▶ [Given information]
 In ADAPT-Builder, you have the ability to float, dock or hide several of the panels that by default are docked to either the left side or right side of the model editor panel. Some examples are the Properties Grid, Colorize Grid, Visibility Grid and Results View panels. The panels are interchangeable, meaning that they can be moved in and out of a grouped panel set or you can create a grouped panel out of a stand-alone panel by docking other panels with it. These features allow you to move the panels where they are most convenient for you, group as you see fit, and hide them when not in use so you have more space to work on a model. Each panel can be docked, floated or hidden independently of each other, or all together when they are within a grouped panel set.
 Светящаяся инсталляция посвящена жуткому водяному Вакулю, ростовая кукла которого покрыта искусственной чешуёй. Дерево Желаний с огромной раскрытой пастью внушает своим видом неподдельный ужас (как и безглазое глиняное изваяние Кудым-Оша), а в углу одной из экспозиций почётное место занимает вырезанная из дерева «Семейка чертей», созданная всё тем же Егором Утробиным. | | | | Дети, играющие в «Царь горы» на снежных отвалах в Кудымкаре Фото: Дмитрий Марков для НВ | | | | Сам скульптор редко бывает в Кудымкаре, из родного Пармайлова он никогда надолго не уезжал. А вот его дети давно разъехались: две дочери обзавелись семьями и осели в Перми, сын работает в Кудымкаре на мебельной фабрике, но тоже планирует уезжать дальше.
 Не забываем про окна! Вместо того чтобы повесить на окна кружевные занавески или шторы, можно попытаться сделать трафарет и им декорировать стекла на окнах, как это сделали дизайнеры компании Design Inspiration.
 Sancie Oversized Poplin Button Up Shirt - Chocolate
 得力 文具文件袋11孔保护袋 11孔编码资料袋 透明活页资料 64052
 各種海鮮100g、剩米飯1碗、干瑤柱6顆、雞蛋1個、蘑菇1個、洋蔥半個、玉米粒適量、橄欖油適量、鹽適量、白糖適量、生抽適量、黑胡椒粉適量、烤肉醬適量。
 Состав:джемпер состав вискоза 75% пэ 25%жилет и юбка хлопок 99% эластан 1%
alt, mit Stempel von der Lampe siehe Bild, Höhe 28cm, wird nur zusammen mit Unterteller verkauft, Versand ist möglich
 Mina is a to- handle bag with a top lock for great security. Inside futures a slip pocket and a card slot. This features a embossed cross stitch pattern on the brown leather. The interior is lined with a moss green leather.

▶ [About this task] Each line that contains "features" is to be copied from the listing above.

▶ [Answer to this problem]
 In ADAPT-Builder, you have the ability to float, dock or hide several of the panels that by default are docked to either the left side or right side of the model editor panel. Some examples are the Properties Grid, Colorize Grid, Visibility Grid and Results View panels. The panels are interchangeable, meaning that they can be moved in and out of a grouped panel set or you can create a grouped panel out of a stand-alone panel by docking other panels with it. These features allow you to move the panels where they are most convenient for you, group as you see fit, and hide them when not in use so you have more space to work on a model. Each panel can be docked, floated or hidden independently of each other, or all together when they are within a grouped panel set.
 Mina is a to- handle bag with a top lock for great security. Inside futures a slip pocket and a card slot. This features a embossed cross stitch pattern on the brown leather. The interior is lined with a moss green leather.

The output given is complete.